Guidelines for secondary indexes
If your database has secondary indexes, you must choose between adding the indexes to the database schema before or after loading the table data.
- If you are adding tens of millions of rows or more, it is generally faster to add an index after the table data is loaded rather than load the table data and fill the index at the same time.
- If you add the indexes after the data, then you must consider the performance cost of schema changes. As a general rule, you want to limit adding indexes to 3 per day or an average of 21 per week.
- You should measure test loads before making a final choice.
When you are loading a huge amount of data, you will usually get the best performance by creating the indexes before loading the data. If you have fewer than 21 indexes (the recommended weekly maximum), you might consider adding the indexes after loading the data.
To create secondary indexes, Cloud Spanner automatically backfills (populates) the indexes using a background process. Splits for a secondary index typically live on different servers from the table itself. Multiple servers are involved when data is written to a table with a secondary index. As a result, commits to a table with a secondary index use a multi-server commit protocol that adds extra overhead and latency. If your tables do not have secondary indexes when you bulk load your data, fewer servers are involved and bulk write throughput is maximized.
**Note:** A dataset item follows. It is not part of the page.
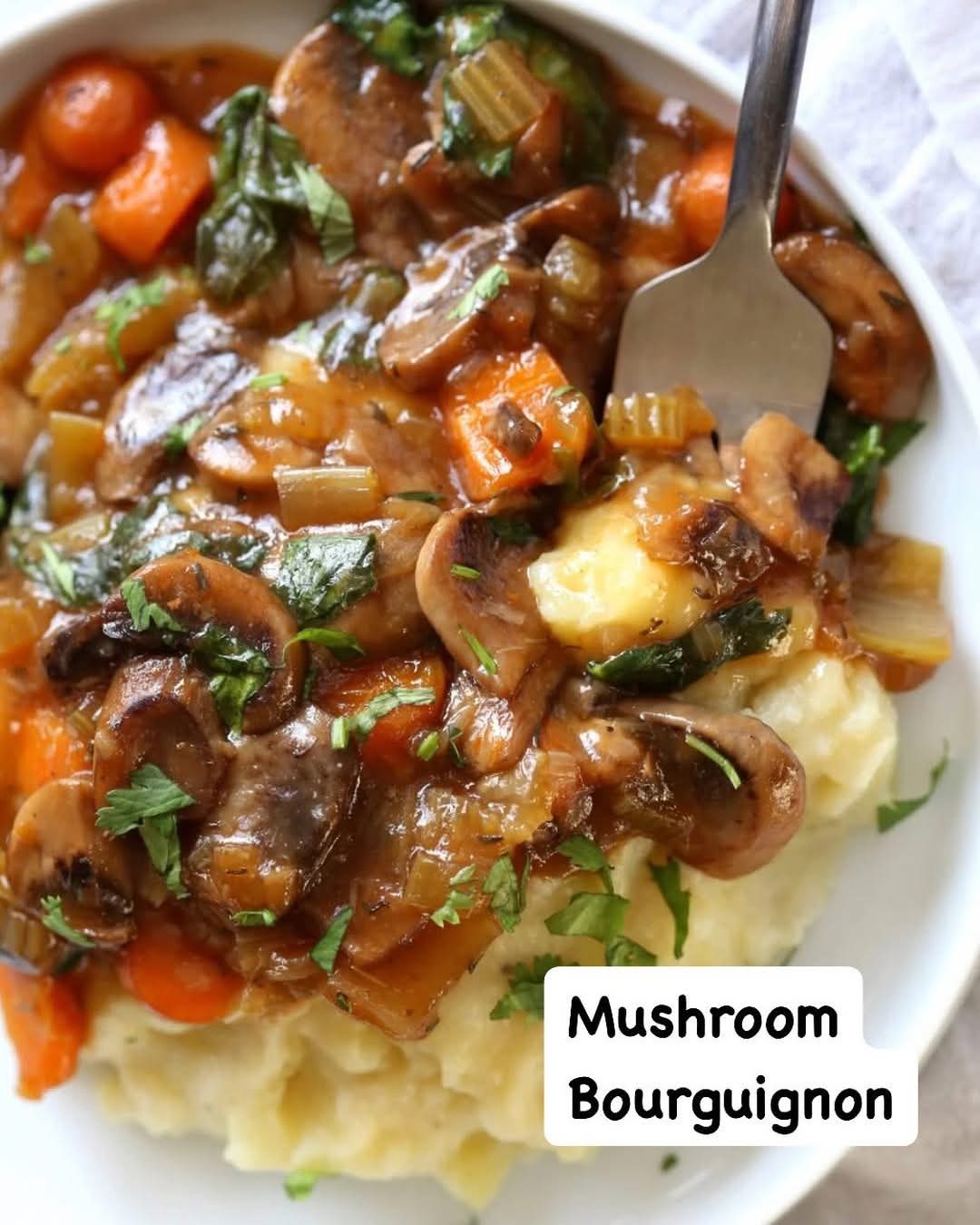 This Mediterranean Mushroom Bourguignon is a rich, earthy vegetarian twist on the classic French stew. Meaty mushrooms simmer slowly in a red wine and tomato-based sauce with garlic, thyme, and sweet carrots for depth. The flavors are bold, comforting, and beautifully balanced with creamy mashed potatoes or a light potato-cauliflower mash. It’s a cozy, elegant dish that’s simple enough for a weeknight but special enough for guests.

Test and measure the throughput
Predicting throughput can be difficult. We recommend that you test your bulk loading strategy before running the final load. For a detailed example using partitioning and monitoring performance, see Maximizing data load throughput.
Best practices for periodic bulk loading to an existing database
If you are updating an existing database that contains data but does not have any secondary indexes, then the recommendations in this topic still apply.
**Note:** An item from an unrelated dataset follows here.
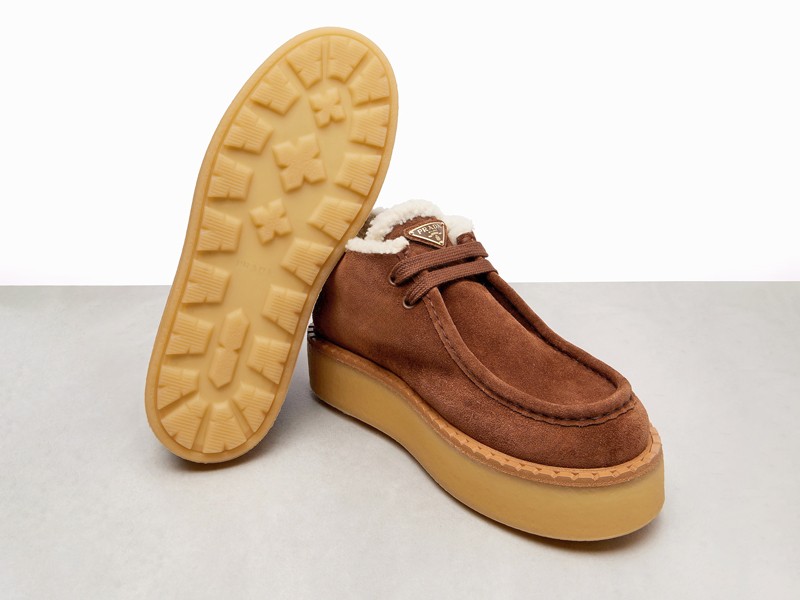 Se trata de la colección Desert Boots, que presenta una estructura de caña incipiente elaborada en gamuzas, con forro lanar ovino. La capellada exhibe el clásico corte Wallaby, con costurón pronunciado y cordonera corta. En estos modelos es llamativa la suela por su espesor -plataforma flat- con vira incluida, que le da un toque moderno y robusto distintivo de PRADA.

If you do have secondary indexes, the instructions might yield reasonable performance. Performance depends on how many splits, on average, are involved in your transactions. If throughput drops too low, you can try the following:
- Include a smaller number of mutations in each commit, which might increase throughput.
- If your upload is larger than the total current size of the table being updated, delete your secondary indexes and then add them again after you upload the data. This step is usually not necessary, but it might improve the throughput.
Best practices for importing Avro files
These pages provide information on improving import performance of Avro files:
Best practices for using the Cloud Dataflow connector
For performance tips on using the Cloud Dataflow connector, see Writing to Cloud Spanner and transforming data.